UAE Poised For Two-year Slump
The UAE is poised for two years of slow economic growth as its property sector is hit by the global financial crisis and banks rein in expansion, the central bank governor said.
Growth in gross domestic product (GDP) in the world’s fifth-largest oil exporter would fall to low-single-digit levels in 2009 and 2010, Sultan Bin Nasser Al Suwaidi said, as an economic boom spurred by six years of high oil prices comes to a close.
Still, a slump in the booming property sector would be limited as the country continues to adopt an expansionary fiscal policy, although it will take steps to ring-fence its banking system, Al Suwaidi said.
UAE economic growth will fall by more than half in 2009 to 3.1 per cent from 7.5 per cent this year on lower oil output and slowing consumer spending, EFG-Hermes said yesterday.
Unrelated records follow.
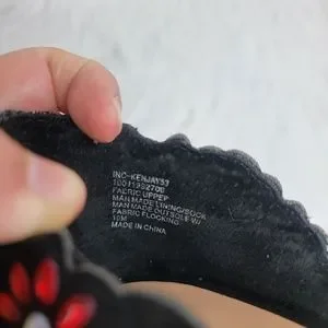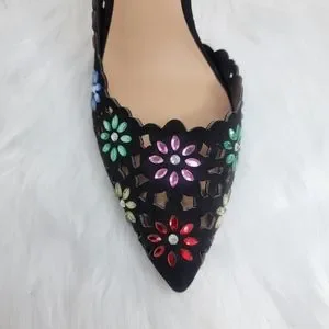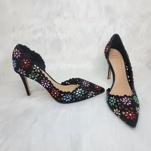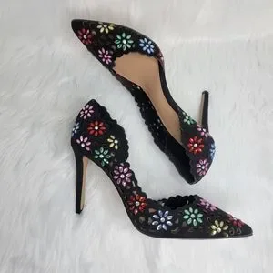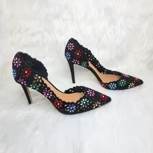 INC International Concepts black pumps pointed toe multi colored floral heels.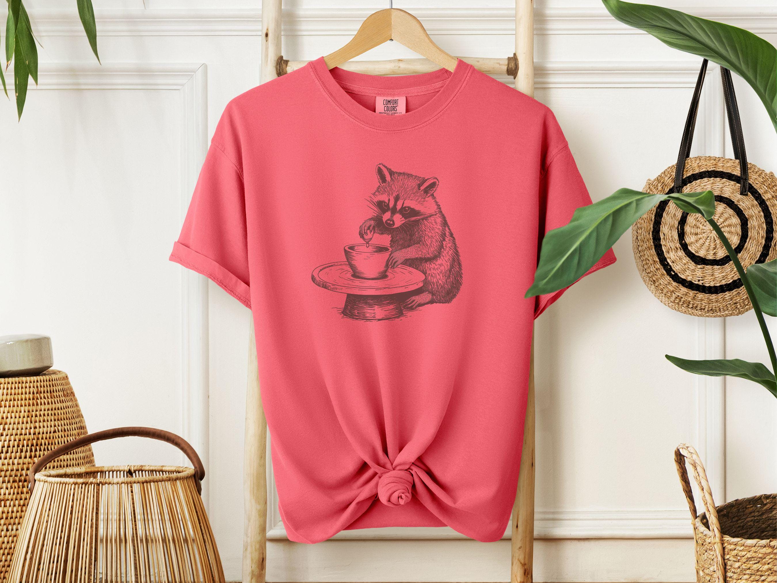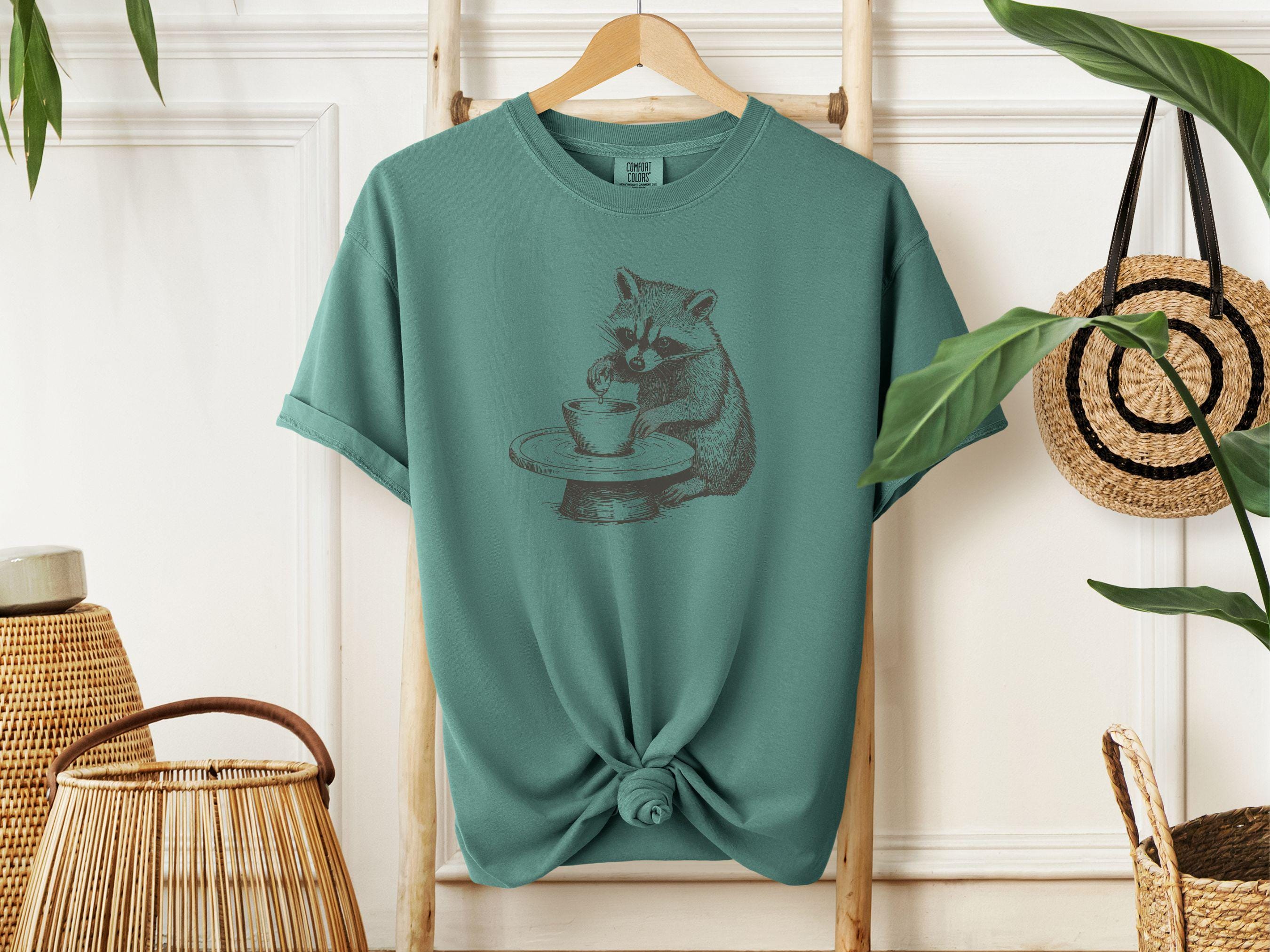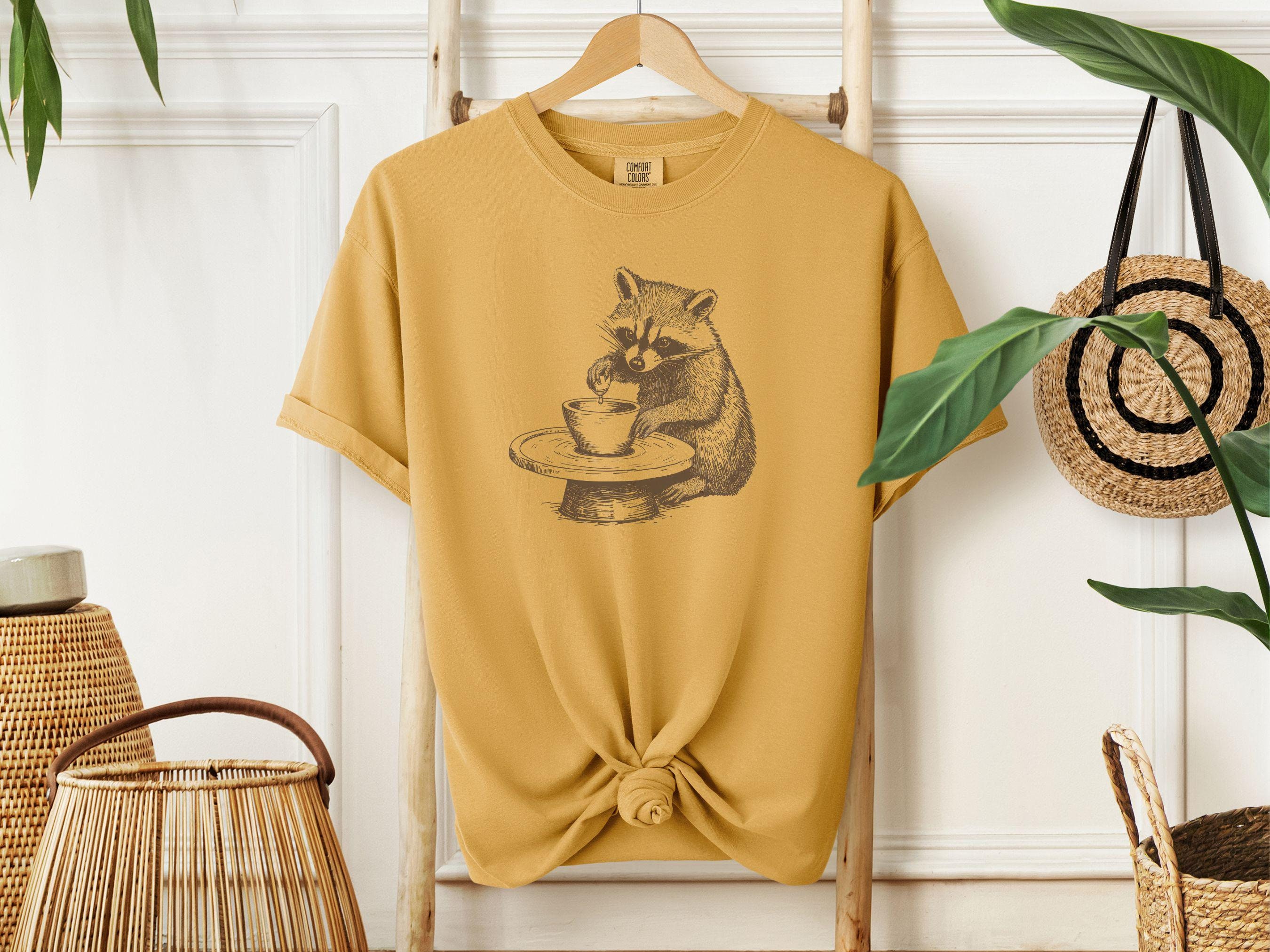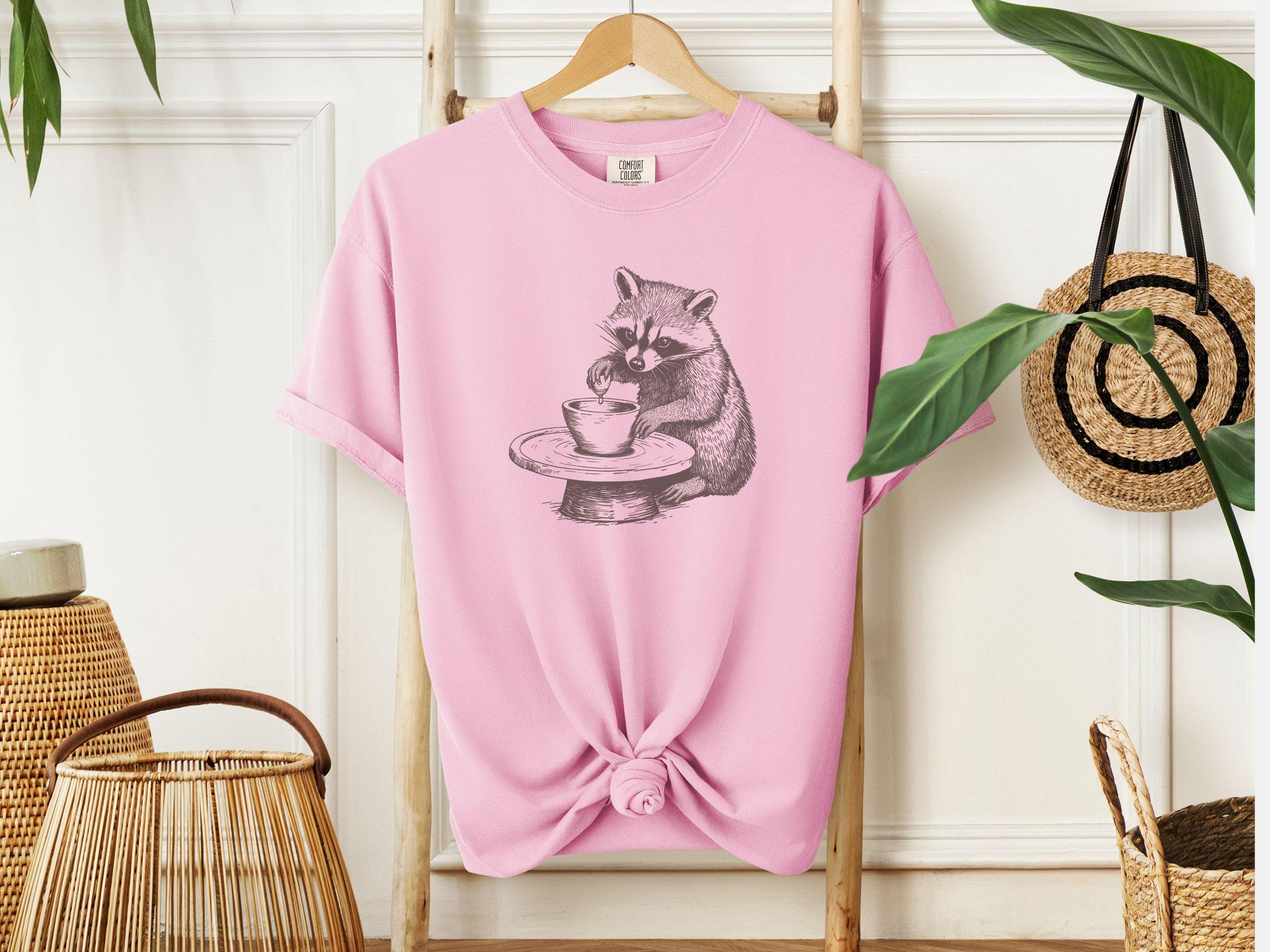 This charming t-shirt features a hand-drawn raccoon at a pottery wheel. It’s perfect for ceramic artists, pottery lovers, and anyone who appreciates whimsical designs. A relaxed fit makes it comfortable and cozy. A great gift for art enthusiasts.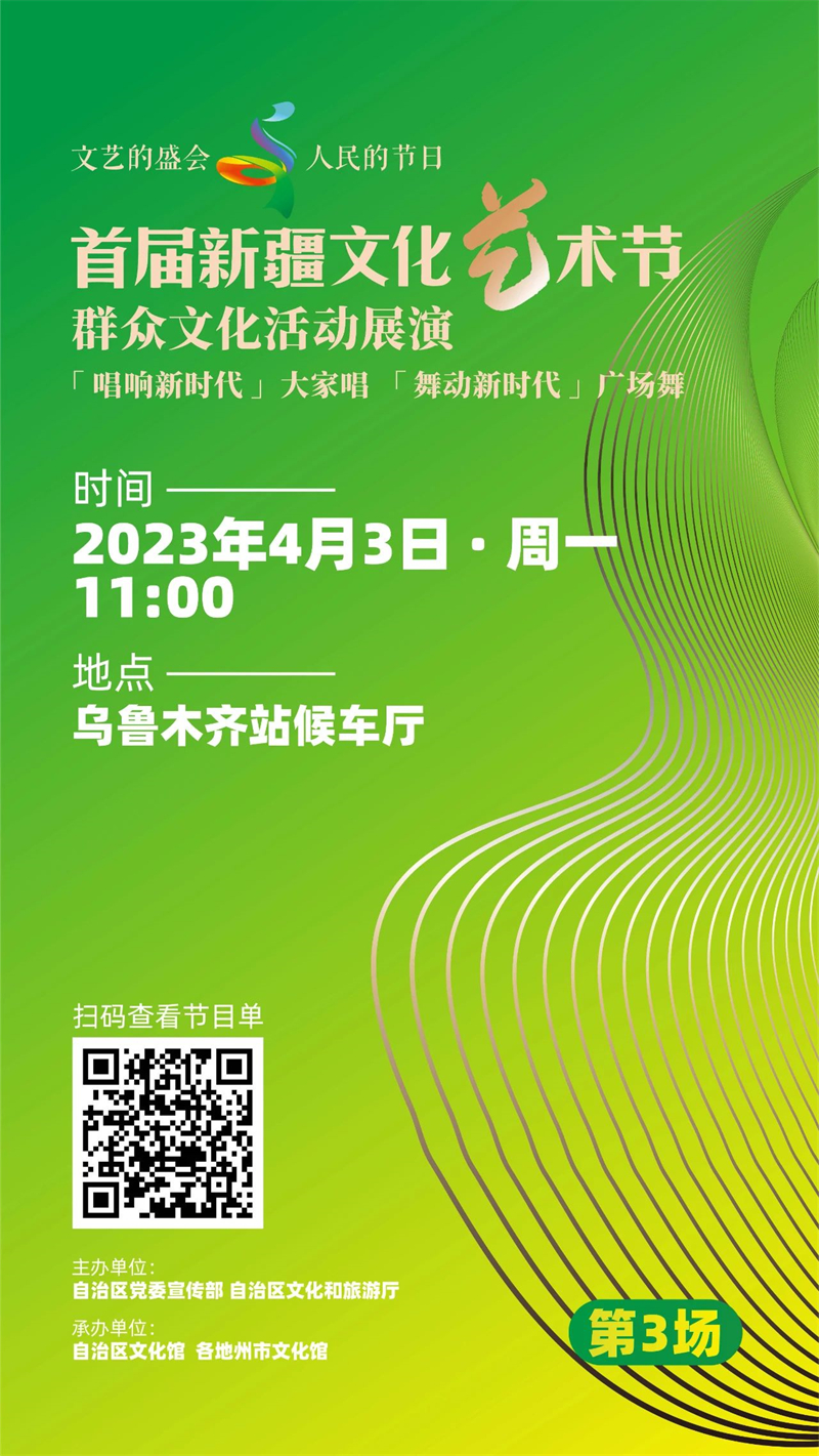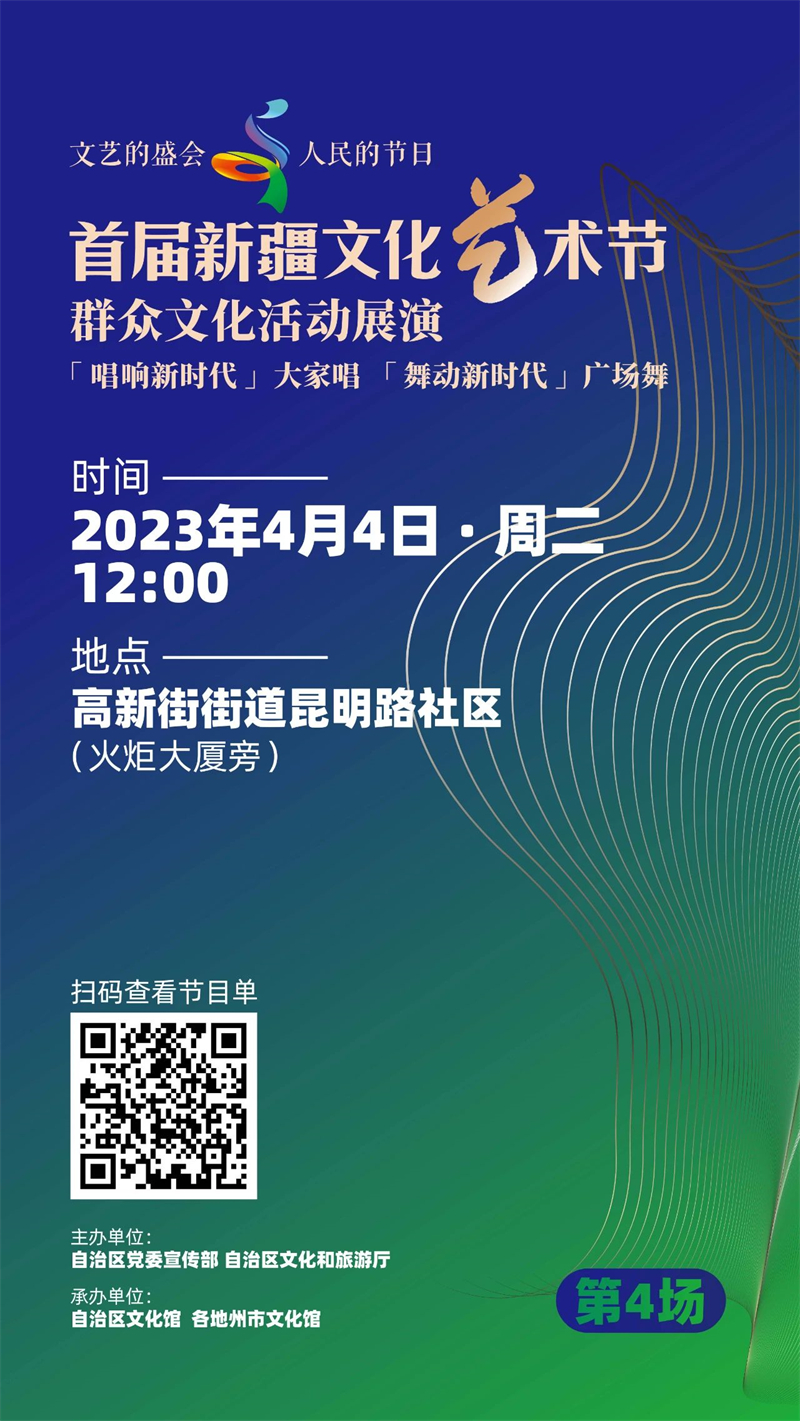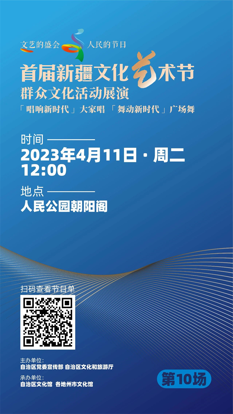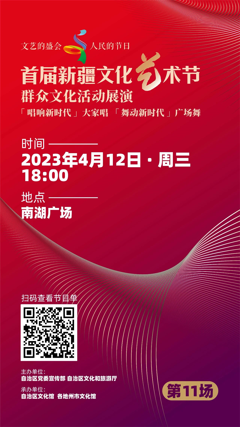 展演時間與藝術節開幕式保持同步,4月1日啟動,持續演出至4月12日(清明節輪空一天),展演活動將先後在新疆國際大巴扎、紅山公園、人民公園等景點、會展中心、南湖廣場、高鐵站104團老君廟側廣場等地演出,快來看看吧!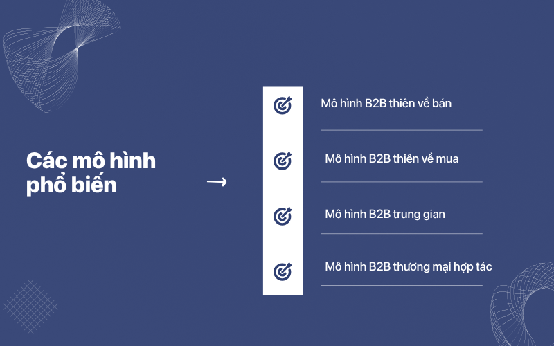 Trong thực tế, B2B có nhiều cách triển khai khác nhau tùy thuộc vào vai trò, nhu cầu và cách thức hợp tác giữa các doanh nghiệp. Dưới đây là bốn mô hình B2B điển hình mà bạn cần nắm rõ: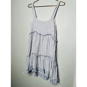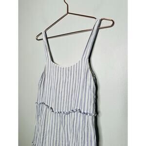 RAILS Blue White Scoop Neck Linen Blend Ruffled Tiers Sandy A-Line Dress Size S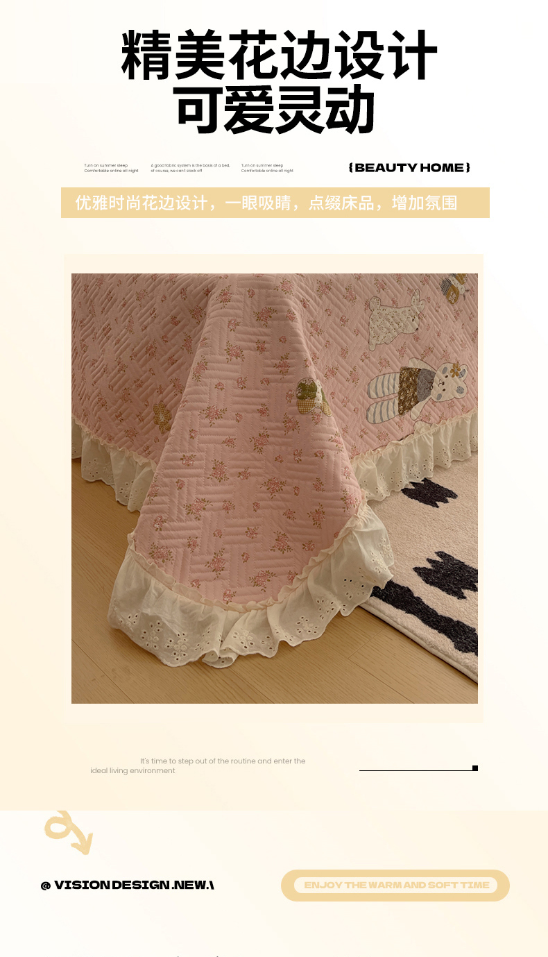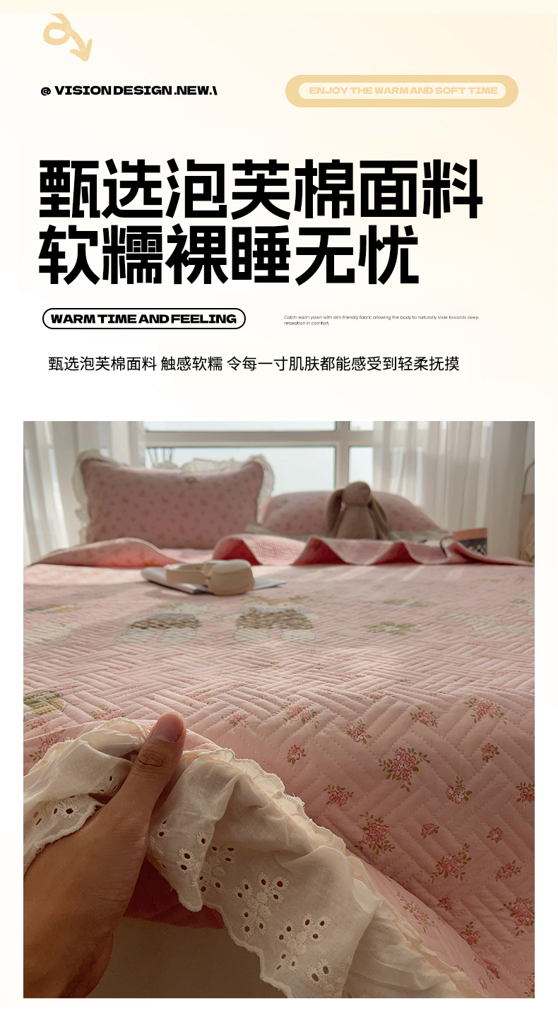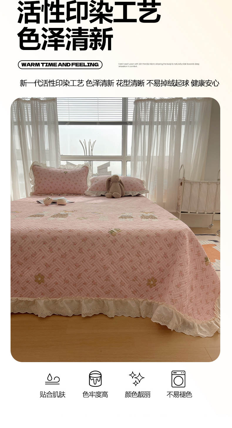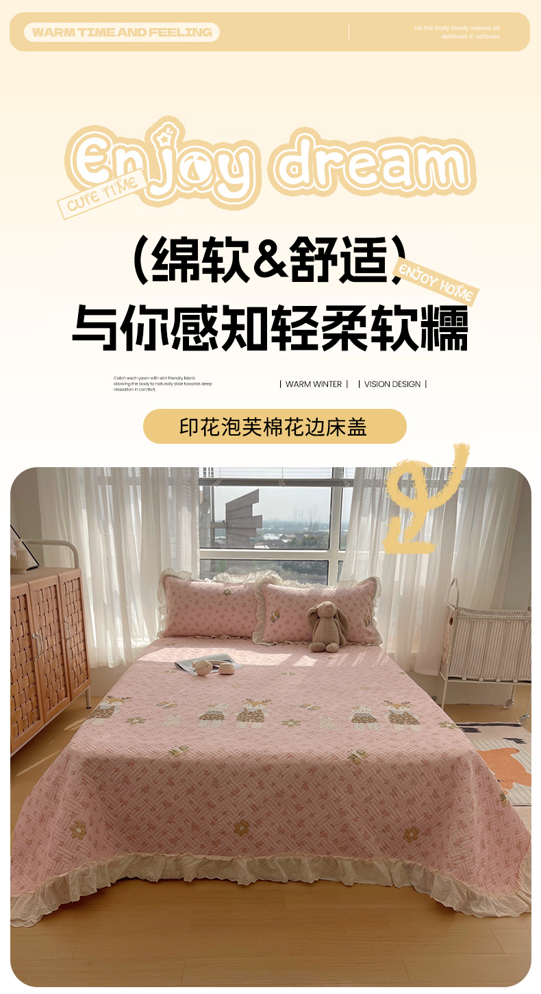 • 91家纺网 家纺一手货源 找家纺 爱彼家纺 2026新款印花泡芙棉花边床盖三件套-泡芙床盖 花边-温馨时光

Tourism would also slow and force hotels to cut room rates, he warned.
An influx of foreign investors fuelled a vigorous surge in property prices but it is now starting to reverse.
House prices in Dubai are likely to fall almost 28 per cent from a peak earlier this year as a sharp downturn in demand puts the brakes on a six-year property boom, a Reuters survey showed this month.
However a “significant” slowdown in inflation would help sustain a construction sector boom, while trade would continue to grow spurred by local and regional demand, Al Suwaidi said.
“Construction … will not slow down significantly as government departments will find prices attractive enough to undertake major public infrastructure projects.”
The UAE would restrict some practices to ensure it could not be dragged into future crises, he said, adding the central bank was examining bank lending to see if there was any need to provide extra provisions.
While trade-related transfers would continue “without much restriction”, the country would place “some restrictions on some investment flows both outward and inward because risks have been clearly noticed in investments”.
Banks, meanwhile, were in the process of repaying foreign debts, including medium-term notes (MTNs) and interbank deposits, because “local liabilities are more manageable”, Al Suwaidi added, without giving details.
The central bank and fin-ance ministry have together launched Dh120 billion worth of emergency funding since September to help the banking system cope with tight credit markets.
The UAE, which refrained from matching a Federal Reserve interest rate cut in October, would continue to gear monetary policy toward maintaining low interest rates, Al Suwaidi added.
Banks in the UAE will see significant pressure on net earnings next year, with 2009 also likely to be a difficult revenue year due to slowing balance sheet growth and missing sources of income for banks, EFG Hermes said.
Cost control and precautionary provisioning are now “the order of the day,” and fourth quarter of 2008 will likely reflect these trends, the brokerage added.
EFG also expects loan quality to deteriorate throughout next year, and said this will have a significant impact on short-term results.
Personal lending will see some deterioration reasonably early in 2009 and progress through the year, while loan quality for corporates could see a visible deterioration around mid-year, EFG said.
Some banks also face the difficulty of realising losses on their available-for-sale portfolios, the brokerage said.